PROMPT:
Copy every entry below verbatim, except for images.

--- TASK INPUTS Enclosed Below ---

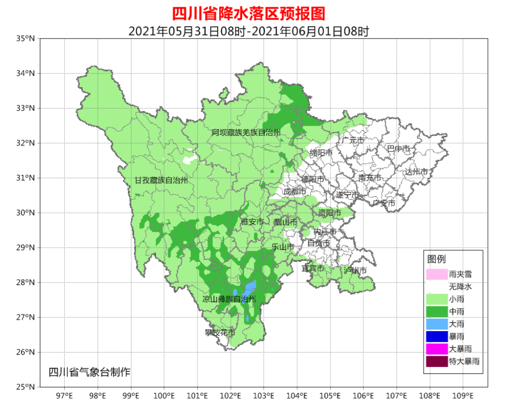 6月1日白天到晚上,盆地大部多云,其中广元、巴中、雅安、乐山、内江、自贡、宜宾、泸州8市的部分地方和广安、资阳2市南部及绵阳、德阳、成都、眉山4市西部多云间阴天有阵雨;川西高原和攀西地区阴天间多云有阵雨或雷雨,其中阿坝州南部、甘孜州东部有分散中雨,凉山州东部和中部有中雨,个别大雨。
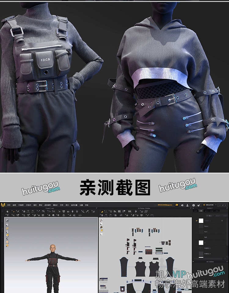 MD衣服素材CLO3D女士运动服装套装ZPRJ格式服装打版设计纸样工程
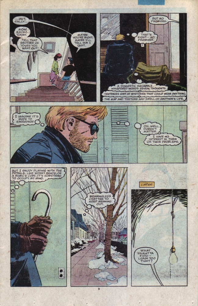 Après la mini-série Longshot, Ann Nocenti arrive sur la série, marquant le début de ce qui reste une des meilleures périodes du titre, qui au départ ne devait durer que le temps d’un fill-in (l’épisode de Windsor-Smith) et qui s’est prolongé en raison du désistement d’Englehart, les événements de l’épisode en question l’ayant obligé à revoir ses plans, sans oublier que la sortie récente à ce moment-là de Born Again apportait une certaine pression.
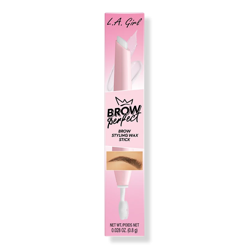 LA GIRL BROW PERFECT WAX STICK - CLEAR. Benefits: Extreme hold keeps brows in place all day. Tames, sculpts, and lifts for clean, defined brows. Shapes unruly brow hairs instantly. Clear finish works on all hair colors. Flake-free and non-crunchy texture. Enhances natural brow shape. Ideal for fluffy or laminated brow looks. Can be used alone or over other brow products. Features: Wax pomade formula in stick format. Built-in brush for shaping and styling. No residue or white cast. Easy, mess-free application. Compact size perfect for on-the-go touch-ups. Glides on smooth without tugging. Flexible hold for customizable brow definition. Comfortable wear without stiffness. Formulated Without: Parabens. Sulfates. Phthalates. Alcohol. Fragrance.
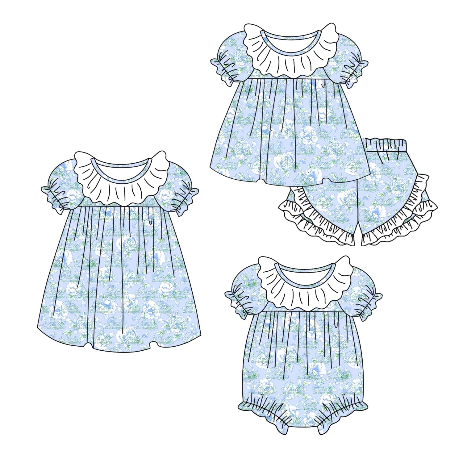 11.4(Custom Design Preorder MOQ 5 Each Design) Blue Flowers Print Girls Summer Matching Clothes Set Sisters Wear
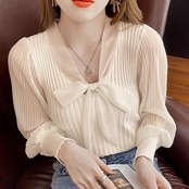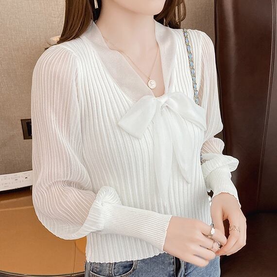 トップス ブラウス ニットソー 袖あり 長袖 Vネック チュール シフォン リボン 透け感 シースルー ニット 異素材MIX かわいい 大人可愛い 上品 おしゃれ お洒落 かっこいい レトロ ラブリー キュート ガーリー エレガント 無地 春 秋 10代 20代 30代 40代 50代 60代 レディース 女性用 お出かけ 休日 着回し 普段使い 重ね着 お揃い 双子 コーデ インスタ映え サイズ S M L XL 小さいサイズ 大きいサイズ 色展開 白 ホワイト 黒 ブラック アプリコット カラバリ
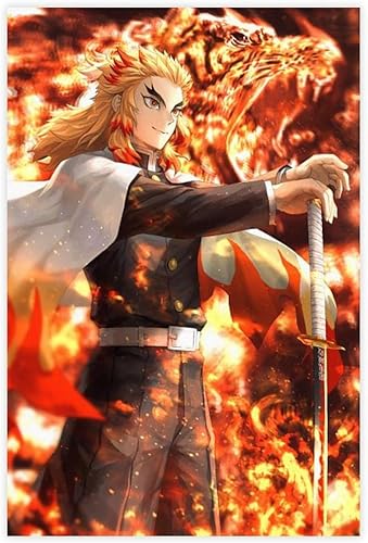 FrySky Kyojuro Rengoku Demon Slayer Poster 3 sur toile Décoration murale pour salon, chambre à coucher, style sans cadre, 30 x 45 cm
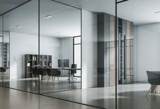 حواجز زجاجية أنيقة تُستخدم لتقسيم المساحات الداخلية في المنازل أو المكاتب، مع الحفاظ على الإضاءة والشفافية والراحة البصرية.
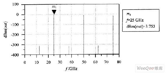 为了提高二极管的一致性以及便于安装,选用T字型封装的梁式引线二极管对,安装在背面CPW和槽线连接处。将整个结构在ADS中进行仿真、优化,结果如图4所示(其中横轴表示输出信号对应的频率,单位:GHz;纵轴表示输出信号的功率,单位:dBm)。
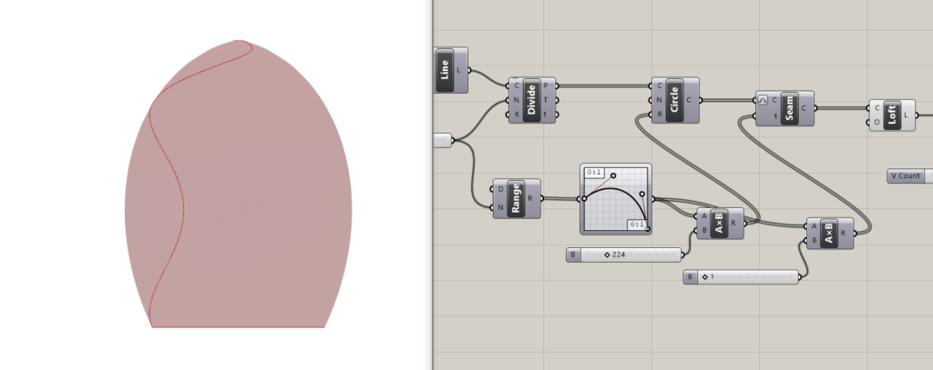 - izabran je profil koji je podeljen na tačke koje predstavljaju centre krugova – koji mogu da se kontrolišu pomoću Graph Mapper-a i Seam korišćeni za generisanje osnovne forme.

--- End of Enclosed TASK INPUTS ---

SOLUTION:
 6月1日白天到晚上,盆地大部多云,其中广元、巴中、雅安、乐山、内江、自贡、宜宾、泸州8市的部分地方和广安、资阳2市南部及绵阳、德阳、成都、眉山4市西部多云间阴天有阵雨;川西高原和攀西地区阴天间多云有阵雨或雷雨,其中阿坝州南部、甘孜州东部有分散中雨,凉山州东部和中部有中雨,个别大雨。
 MD衣服素材CLO3D女士运动服装套装ZPRJ格式服装打版设计纸样工程
 Après la mini-série Longshot, Ann Nocenti arrive sur la série, marquant le début de ce qui reste une des meilleures périodes du titre, qui au départ ne devait durer que le temps d’un fill-in (l’épisode de Windsor-Smith) et qui s’est prolongé en raison du désistement d’Englehart, les événements de l’épisode en question l’ayant obligé à revoir ses plans, sans oublier que la sortie récente à ce moment-là de Born Again apportait une certaine pression.
 LA GIRL BROW PERFECT WAX STICK - CLEAR. Benefits: Extreme hold keeps brows in place all day. Tames, sculpts, and lifts for clean, defined brows. Shapes unruly brow hairs instantly. Clear finish works on all hair colors. Flake-free and non-crunchy texture. Enhances natural brow shape. Ideal for fluffy or laminated brow looks. Can be used alone or over other brow products. Features: Wax pomade formula in stick format. Built-in brush for shaping and styling. No residue or white cast. Easy, mess-free application. Compact size perfect for on-the-go touch-ups. Glides on smooth without tugging. Flexible hold for customizable brow definition. Comfortable wear without stiffness. Formulated Without: Parabens. Sulfates. Phthalates. Alcohol. Fragrance.
 11.4(Custom Design Preorder MOQ 5 Each Design) Blue Flowers Print Girls Summer Matching Clothes Set Sisters Wear
 トップス ブラウス ニットソー 袖あり 長袖 Vネック チュール シフォン リボン 透け感 シースルー ニット 異素材MIX かわいい 大人可愛い 上品 おしゃれ お洒落 かっこいい レトロ ラブリー キュート ガーリー エレガント 無地 春 秋 10代 20代 30代 40代 50代 60代 レディース 女性用 お出かけ 休日 着回し 普段使い 重ね着 お揃い 双子 コーデ インスタ映え サイズ S M L XL 小さいサイズ 大きいサイズ 色展開 白 ホワイト 黒 ブラック アプリコット カラバリ
 FrySky Kyojuro Rengoku Demon Slayer Poster 3 sur toile Décoration murale pour salon, chambre à coucher, style sans cadre, 30 x 45 cm
 حواجز زجاجية أنيقة تُستخدم لتقسيم المساحات الداخلية في المنازل أو المكاتب، مع الحفاظ على الإضاءة والشفافية والراحة البصرية.
 为了提高二极管的一致性以及便于安装,选用T字型封装的梁式引线二极管对,安装在背面CPW和槽线连接处。将整个结构在ADS中进行仿真、优化,结果如图4所示(其中横轴表示输出信号对应的频率,单位:GHz;纵轴表示输出信号的功率,单位:dBm)。
 - izabran je profil koji je podeljen na tačke koje predstavljaju centre krugova – koji mogu da se kontrolišu pomoću Graph Mapper-a i Seam korišćeni za generisanje osnovne forme.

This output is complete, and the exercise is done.